インターネットの普及が進む中、産業分類という「タテ」から、機能分類という「ヨコ」への産業構造の変化が進んできています。今後の産業構造はタテ(各産業)とヨコ(機能)が密に連携するメッシュ構造になっていくと考えられます。
そして、「目的に合わせて、ヨコの階層ごとに最適なものを組み合わせる」というアプローチが大事になっていくのです。
このような産業構造になっていく背景には、デジタル化による2つの変化があります。
- ・「人の活動」の「機能」と「情報」への分離(デカップリング)が大きく進む
- ・目的のために最適なものを組み合わせる(リバンドリング)ようになる
人類は、人の活動を、「機能」と「情報」に分離(デカップリング)させながら生活を豊かにしてきました。これに加えて、デジタル化によってサービスの変化と創出を促し、新たな雇用を生み出すことが期待されます。
また、デジタル化は人の活動要素の分化(アンバンドリング)をもたらしました。これによって、分化されたそれぞれの要素の効率化、組み合わせの複雑化が進みました。今後は、目的に応じて最適な要素を組み合わせること(リバンドリング)が、今まで以上に効果的になります。
デジタル市場とサービスの進化
デジタル化による産業構造の変化は、市場の進化をもたらします。産業横断で求められる機能が組み込まれ、取引にまつわる機能が高度にデジタル化された、新たな市場になると考えられます。この市場がデジタル市場です。デジタル市場は、取引を媒介する役割も担います。これまで述べた変化にカネの流れが加わるのです。ヒト・モノ・情報・カネの流れが動的に組み合わさることで、さまざまなサービス・活動が実現されるデジタル市場が形成されます。これにより、業界横断・即時・小口・多頻度で取引が行えるようになり、情報の変化に応じた動的な価格決定などが可能になります。

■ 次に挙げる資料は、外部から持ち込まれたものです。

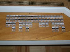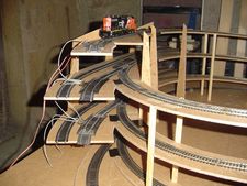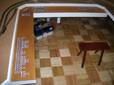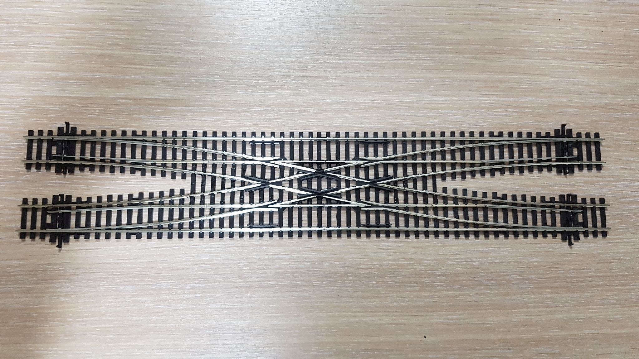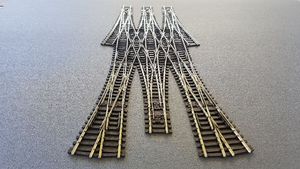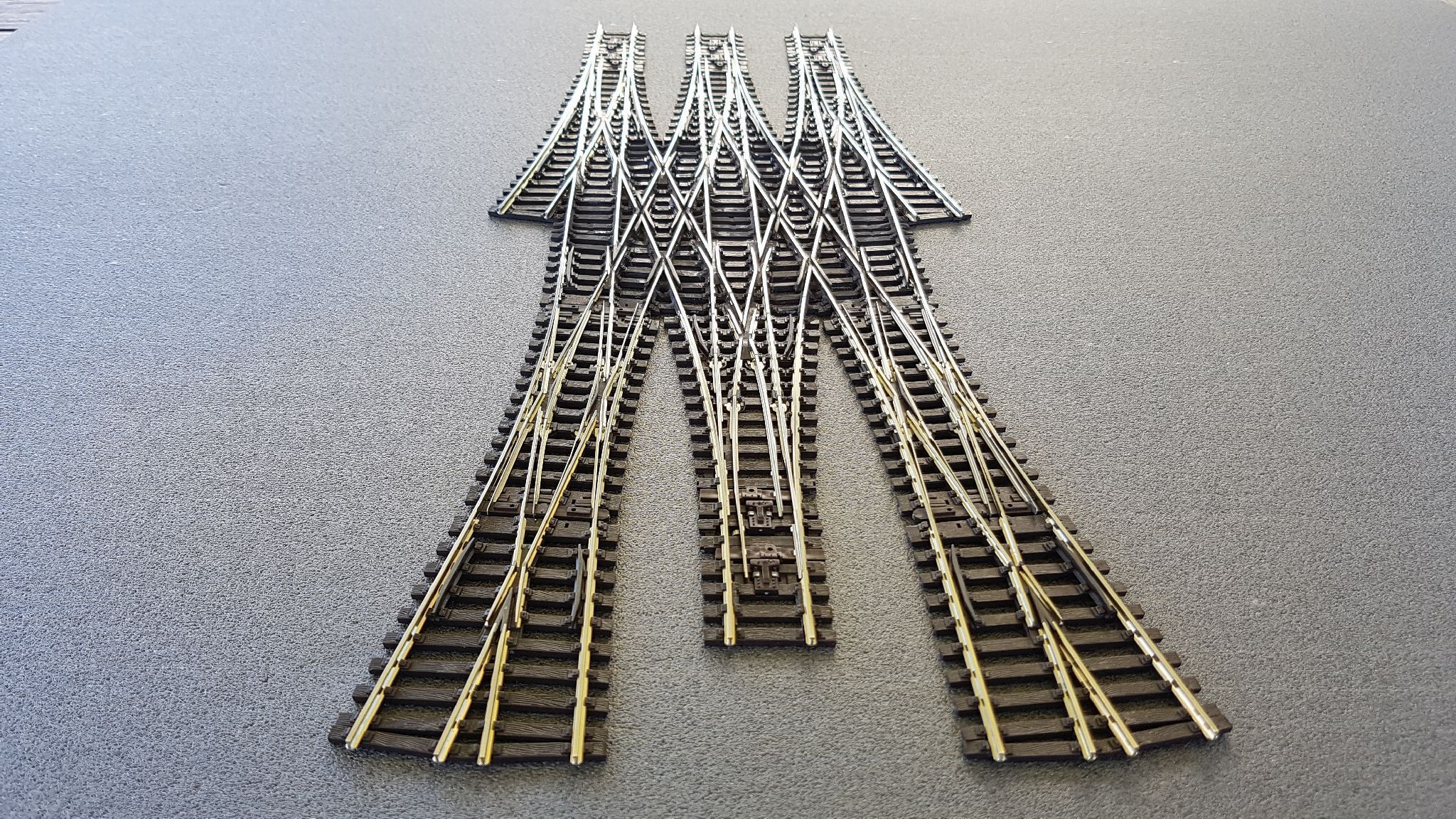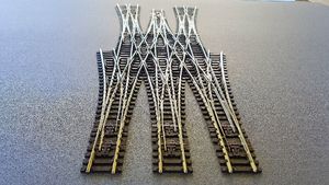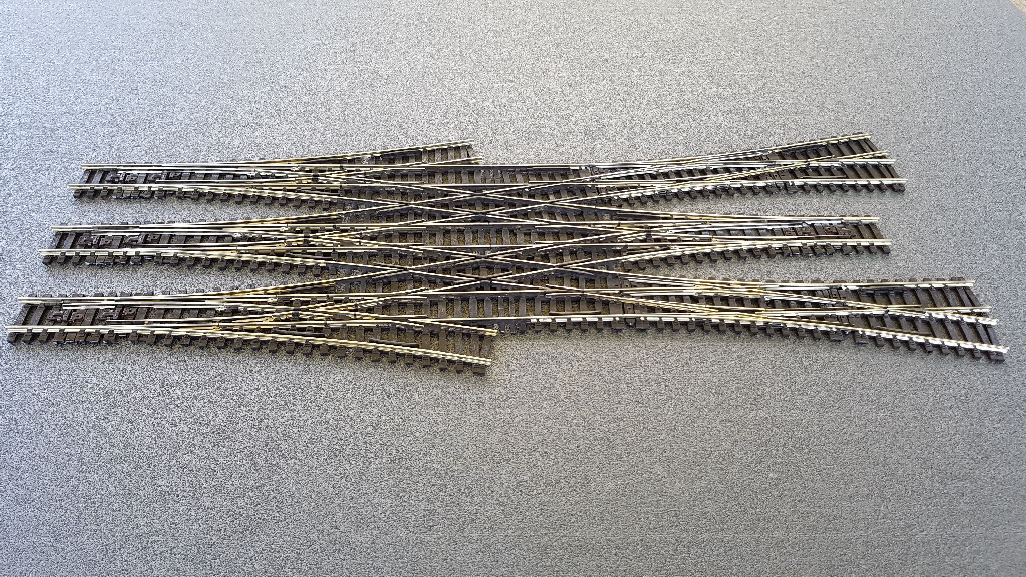 Tu sem izdelal en malo večji kretniški lik. Naredil sem ga iz 4ih trojnih, dveh križnih dvojno premičnih kretnic in dveh navadnih križev. Vse je ElectroFrog, torej srca niso plastična ampak kovinska. Uporaba takih kretnic se v vožnji izkaže za superiorno, toda izdelava je pa bolj kompleksna. Material je od proizvajalca Peco in tudi odmiki med tiri so po Peco specifikacijah torej od sredine do sredine sosednjega tira je natanko 51mm. Zakaj delati kaj takega? Če dobro pogledate so na vstopu v kretnico trije tiri na izstopu jih je pa sedem. Če bi enak rezultat želel doseči z postavitvijo normalnih kretnic bi v dolžino porabil natanko dvakrat toliko. Torej z izdelavo te monster kretnice sem prihranil na dolžini kretnic, torej je sama postaja, oziroma uporabna površina na postaji daljša. Kretnica ima 12 motorjev in 24 stikal za krmiljenje. Vsi motorji so spodaj pod kretnico, torej nič vidnega zgoraj.Vsak motor ima po dva dvopolna stikala. Eden se uporablja za samo delovanje kretnice (ElectroFrog) drugi je pa za signale. Ker bi ročno krmiljenje takega kompleksnega seta kretnic bila nočna mora sem to takoj opustil. Delovanje tega kretničarskega lika bo izvedeno tako, da ne bom krmilil vsake kretnice, oz vsakega motorja posebej, ampak bom s pritiskom na eno tipko krmilil več motorjev hkrati in s tem odpiral in sklepal določene rute - poti. Vsega skupaj je tu 17 rut, torej bo krmiljenje enostavneje in s pritiskom na eno tipko se sklene ena pot. Dodal bom tudi tipko default, to je kot nek reset, da se trije vstopni tiri povežejo direktno naravnost. Elektronika pod kretnico ni nič posebnega, enostavna diodna mreža skrbi da vsaka tipka požene samo določene motorje v določeno smer. Ikebane žic se pa na žalost nisem mogel ogniti :) Tale postavitev se je izkazala na koncu, v uporabi kot odlična rešitev in jo priporočam ima pa samo eno pomankljivost. peco motorji namreč so zelo potratni glede uporabe električne energije. Delujejo na 16V in ko je motor dejaven zna porabiti tudi do 2A elektrike, v popvprečju pa malo čez 1A. To niti ni toliko toda če pa na enkrat poženete 12 motorjev se pa skupna poraba zelo približa 20A kar je na koncu pomenilo da sem za ta kretničarski lik pod maketo priklopil poseben 16V 20A toroidni transformator ki krmili samo to in nič drugega. Na tem mestu moram poudariti da sem na vsak košček tira znotraj kretnice pripeljal tirno napajanje tako da nič ni odvisno od samih spojk (katere sem pa tudi na koncu vse zalotal skupaj z tiri). Zadeva se je izkazala kot odlična, stabilna in lahka za uporabo. Potrebno je edino vedeti katera tipka krmili katero ruto to sem pa rešil z mini displayem na prednji krmilni plošči pod maketo.

デジタル市場が実現することで、その市場の上で実現されるサービスは、ヒト・モノ・情報・カネの流れを横断して社会価値・経済性を実現していくようになります。情報の流れによってヒト・モノの流れは劇的に効率化すると考えられます。
市場機能が高度にデジタル化していく一方で課題となるのは、利用者がその取引内容を信頼できるかという観点です。これはトラスト(信頼)と呼ばれ、取引に対してトラストがないと判断された場合、市場全体が沈滞化する可能性があります。デジタル市場における取引のトラストを確立する方法を検討する必要が出てきます。